Él la estrechó entre sus brazos.

—Viviremos en cualquier sitio menos en mi casa, Pittysing —dijo con energía.

Hacía muchas semanas que no le aplicaba aquel cariñoso diminutivo.

—Nos crearemos un nuevo hogar —añadió Allen— y olvidaremos el de Virginia.

Ella movió la cabeza.

—Tus antepasados hicieron esa casa para ti —repuso.

«Sí —pensaba Josui—. Los antepasados son como dioses y a los dioses no es posible olvidarlos».

Con rápidos y nerviosos movimientos Allen acarició los hombros de la joven y después la apartó de sí.

—Creo más bien —observó— que esa casa la hicieron mis antecesores para ellos mismos. Y nosotros podremos hacer otra para nosotros. Me enriqueceré, construiré una casa todavía mayor y daré con ella en la cara a toda la familia.

Josui notaba lo agitado que tenía su marido el corazón. Allen se sentía indignado y herido. Pero aquel anómalo palpitar no era por ella, sino por él mismo. Las lágrimas de la joven se secaron. Permaneció muy quieta. Le convenía seguir guardando su secreto. Sobre una base de cólera era imposible —razonaba— erigir un mundo de paz y seguridad. Más valía esperar y meditar lo que procedía hacer. Su hijo iba a ser ilegítimo. El amor había convertido al pobre inocente en un criminal. Todos eran inocentes, mas el castigo iba a recaer sobre el pequeñín. Allen y ella podrían separarse y olvidar, pero Lennie no hallaría dónde reposar la cabeza.
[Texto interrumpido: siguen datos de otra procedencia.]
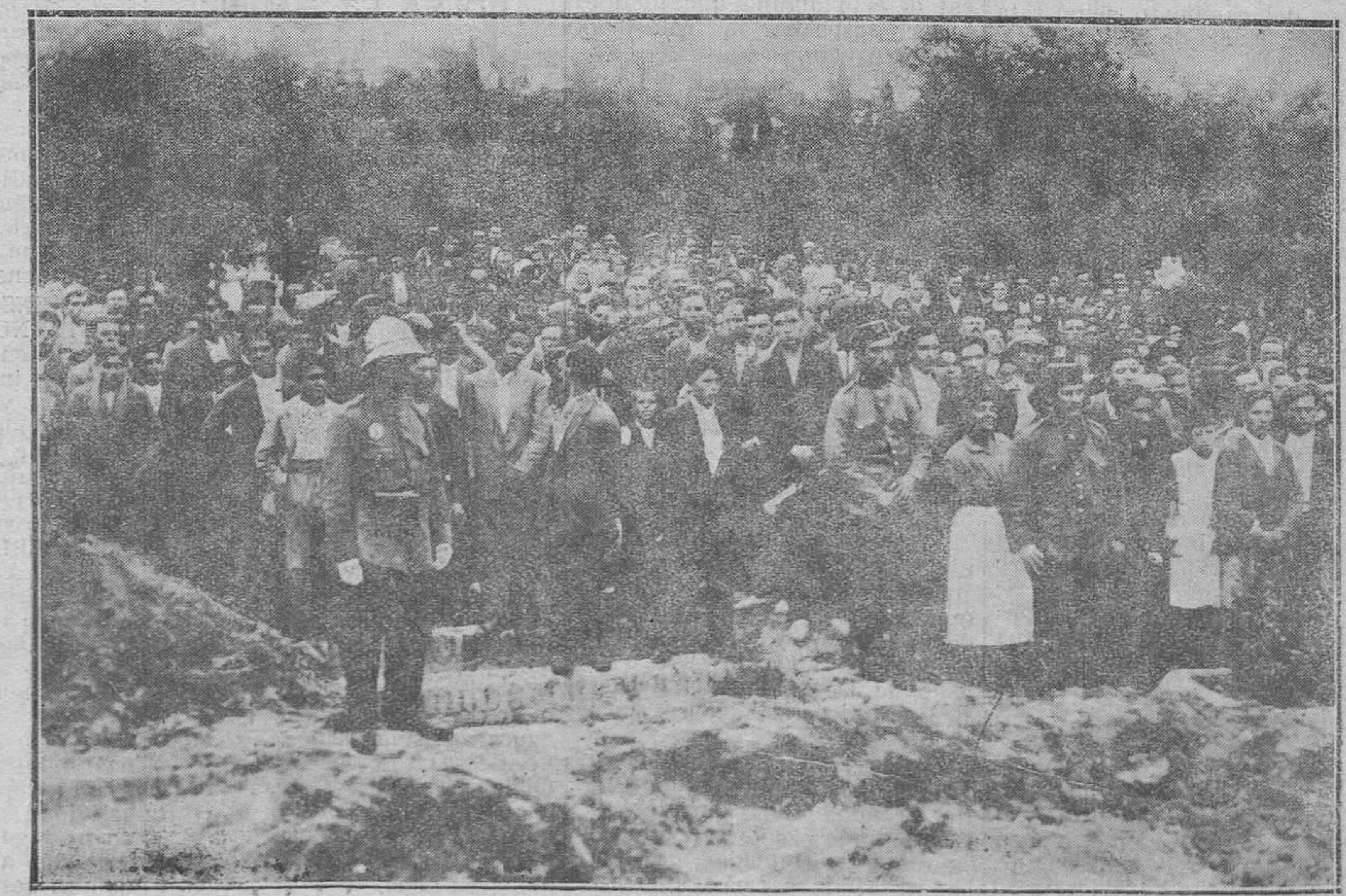
MADRID.-Et entierro de las víctimas del incendio del teatro Novedades.-El público ante la fosa en que han sido enterrados los muertos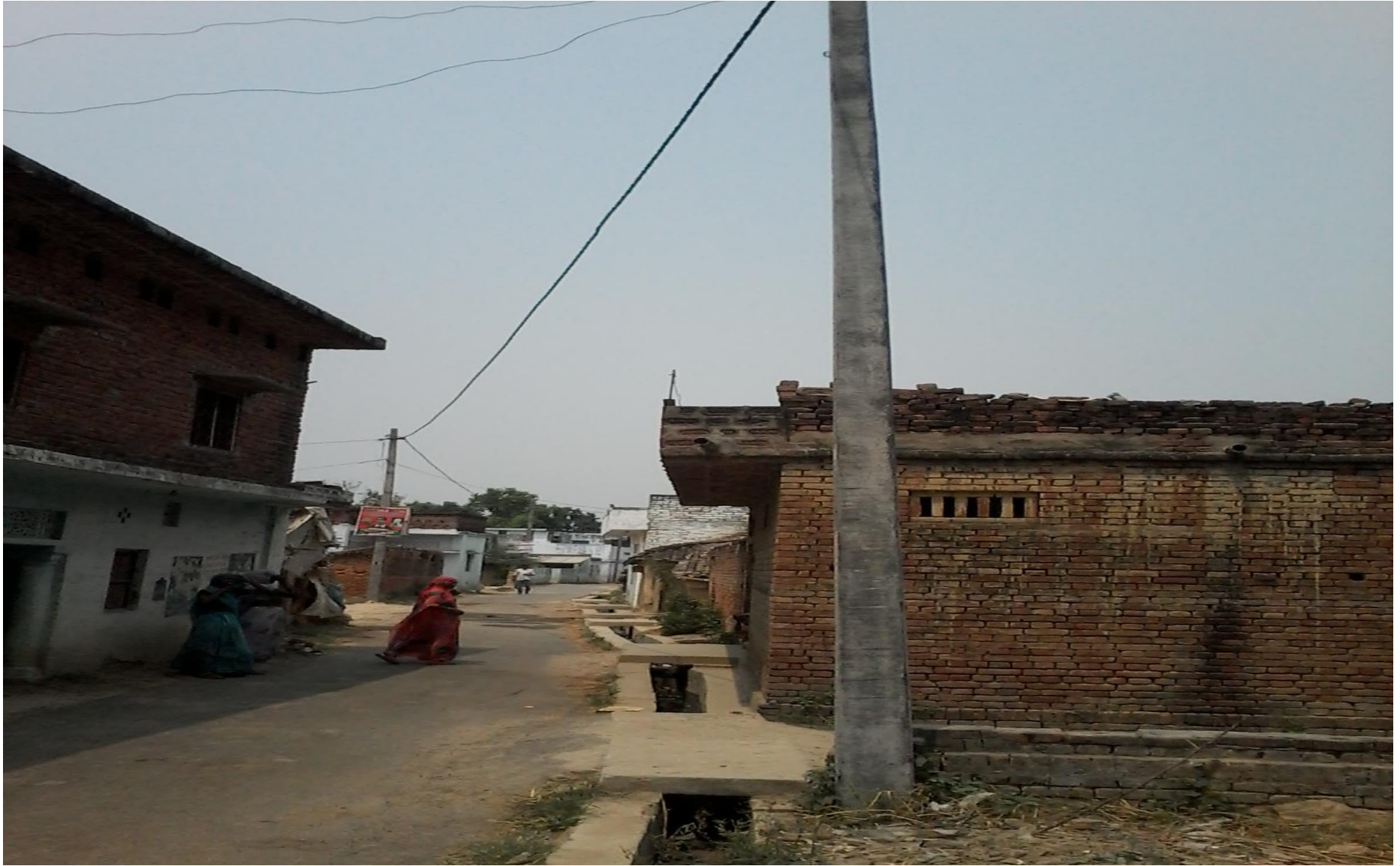
Hydil- Tiwari Gaun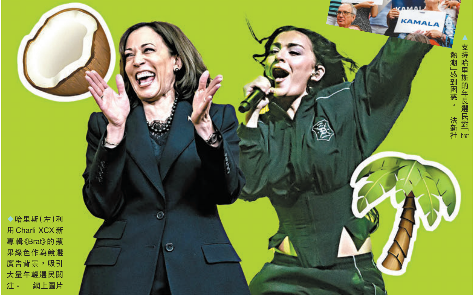
◆ 哈里斯(左)利用Charli XCX新專輯《Brat》的蘋果綠色作為競選廣告背景，吸引大量年輕選民關注。

部分年輕選民認為，哈里斯與brat相關聯能夠傳遞「積極樂觀的理念」，社媒上亦有不少結合哈里斯大笑相片的搞笑貼圖流傳，表達一些年輕選民對她的支持。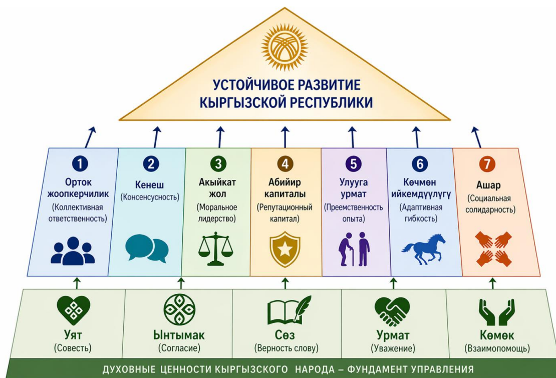
Рис. 1 – Структурная модель кыргызской системы менеджмента

Несмотря на урбанизацию и постсоветскую трансформацию, указанные механизмы сохраняют значительную витальность. Этнографические экспедиции ИСА НАН КР (2019-2022) фиксируют регулярное самоорганизующееся использование «ашара» в сельских общинах юга. Исследование Центральноазиатского барометра показывает, что уровень межличностного доверия (53%) существенно превышает институциональное доверие к парламенту и правительству. Этот разрыв отражает не «архаичность» общества, а наличие параллельной инфраструктуры координации, работающей надежнее формальной. Эти сохранившиеся механизмы образуют основу для построения структурной модели кыргызской системы менеджмента (рис. 1). Предлагаемая модель выстроена в логике трехуровневой архитектуры: (1) ценностное ядро, образованное пятью базовыми духовными категориями; (2) принципиальный уровень, включающий семь управленческих принципов, выводимых из ценностей и переводимых на язык организационных процедур; (3) инструментальный уровень – конкретные практики, регламенты и инструменты, опосредующие реализацию принципов в конкретных организационных контекстах.

Había que pensar minuciosamente en aquello.

—Ven —dijo a su marido, separándose de él para dejar de oír el excitado latir de su alterado corazón.

Se secó los ojos con el corto delantal, que ya nunca se quitaba. Todos sus delantalillos, ribeteados de encaje, parecían añadir encanto a sus vestidos.

—He preparado un asado excelente, Allen —añadió—. Después de comer nos sentiremos mejor. Ven, ven…

Asió los dedos de su marido entre los suyos. Los dos se sentaron a la mesa y ella sirvió el asado. Le gustaba cocinar. Sazonaba cada plato de una manera peculiar, adornándolo con frutas, verduras o cualquier detalle de color que atrajese favorablemente la mirada. Allen reparó en ello, aunque ordinariamente no solía fijarse en nada.

Tomó a Josui entre sus brazos y la apretó fuertemente.

—No te preocupes, Josui. Mi familia me tiene sin cuidado.

Ella protestó blandamente, como solía. Su mano, pequeña, cálida y cuadrada, se apoyó en la boca de su marido.

—No digas cosas así. Seguiremos viviendo como hasta ahora, y nada más.

No sin sorpresa, Allen notó que su mujer no parecía más conturbada que de costumbre. Quizá no hubiera comprendido el pleno alcance de la carta de Cintia. Allen nunca se sentía seguro de hasta qué punto entendía Josui las cosas, porque nunca se había cuidado de sondear las brechas que existían en su conocimiento de las costumbres americanas. Ella parecía saberlo todo y de pronto, en un asunto fundamental, no lo comprendía o lo daba de lado como insignificante. Dado su sólido sentido de la vida, acaso ni siquiera los obstáculos legales le parecieran serios.

Allen se sintió más calmado. Le alegraba que Josui supiera toda la verdad. Él esperaría, seguiría —como ella decía— viviendo, ejecutaría su trabajo y quizás acabase hallando la solución de todo en una cosa muy sencilla: vivir.

Comió abundantemente y después se sintió soñoliento.

—Has preparado una comida maravillosa, Pittysing —dijo.

Tendióse en el diván y se quedó dormido.